[Exercise goal] Where the line containing "Specification and brazings" appears in the records below, begin there and repeat each line exactly through the final one, dropping all pictures.

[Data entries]

>>>

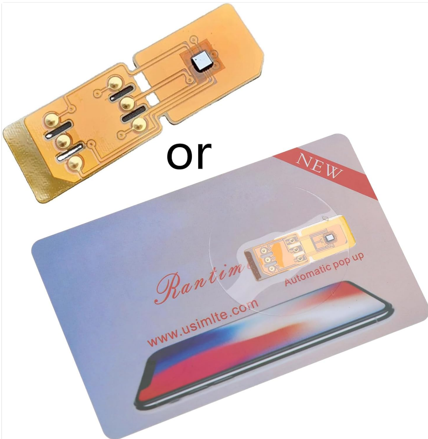
Image: The MobilePhone USIM Unlocking Card shown alongside its retail packaging, which features a phone screen graphic and the text "Rantim www.usimlte.com". The image also shows the unlocking chip itself, indicating it can be used either as a standalone chip or integrated into a card.
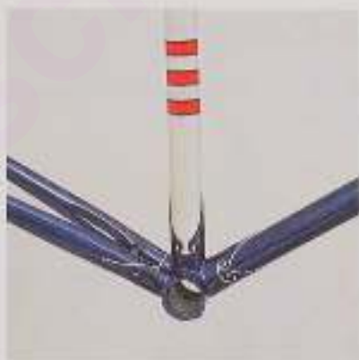
Long fancy spearpoints on Vincitore Special

Specification and brazings as our Strada Speciale Model.
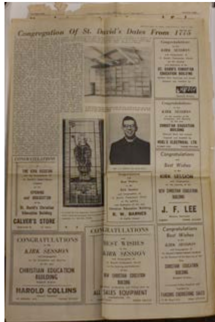
Article on St. David's (June 1966)
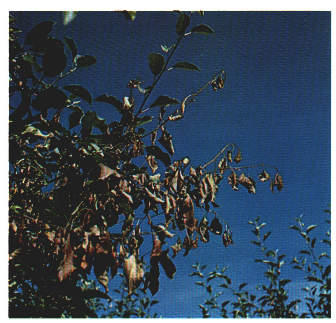
Figure 3. Wilting branches form a "shepherd's crook."

<<<

[Answer box]
Specification and brazings as our Strada Speciale Model.
Article on St. David's (June 1966)
Figure 3. Wilting branches form a "shepherd's crook."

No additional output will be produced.